Take from the material every line that contains the word "Papua".

■ The data:
Content starts

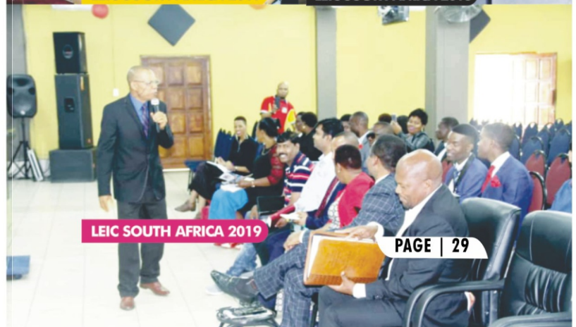
LEIC SOUTH AFRICA 2019
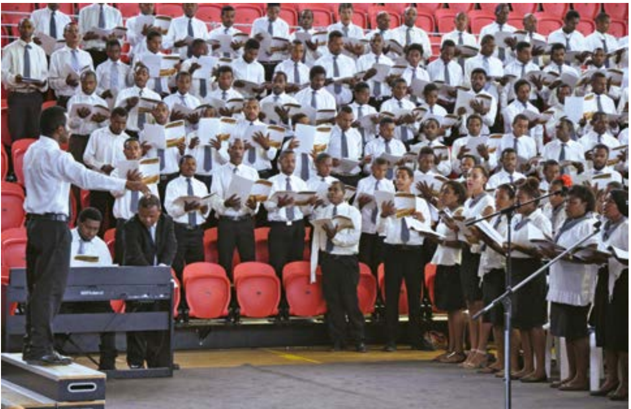
NAC Papua New Guinea

Giving thanks to God at all times for all things? Isn't that expecting a bit much? "It's unrealistic," Chief Apostle Jean-Luc Schneider says, and goes on to explain what is really meant. Following are core thoughts from a divine service he held on 1 October 2017 in Port Moresby in Papua New Guinea.
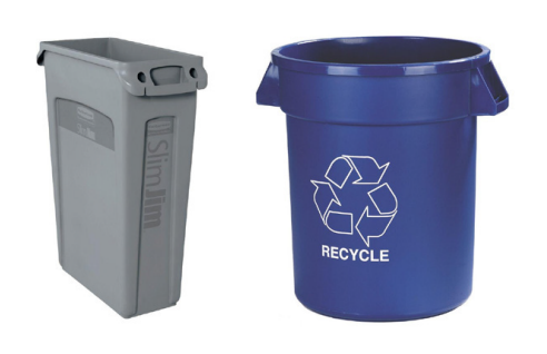
Standardized to fit Rubbermaid 23 gallon Slim Jim and 44 gallon brute.

Content ends

■ Task output:
NAC Papua New Guinea
Giving thanks to God at all times for all things? Isn't that expecting a bit much? "It's unrealistic," Chief Apostle Jean-Luc Schneider says, and goes on to explain what is really meant. Following are core thoughts from a divine service he held on 1 October 2017 in Port Moresby in Papua New Guinea.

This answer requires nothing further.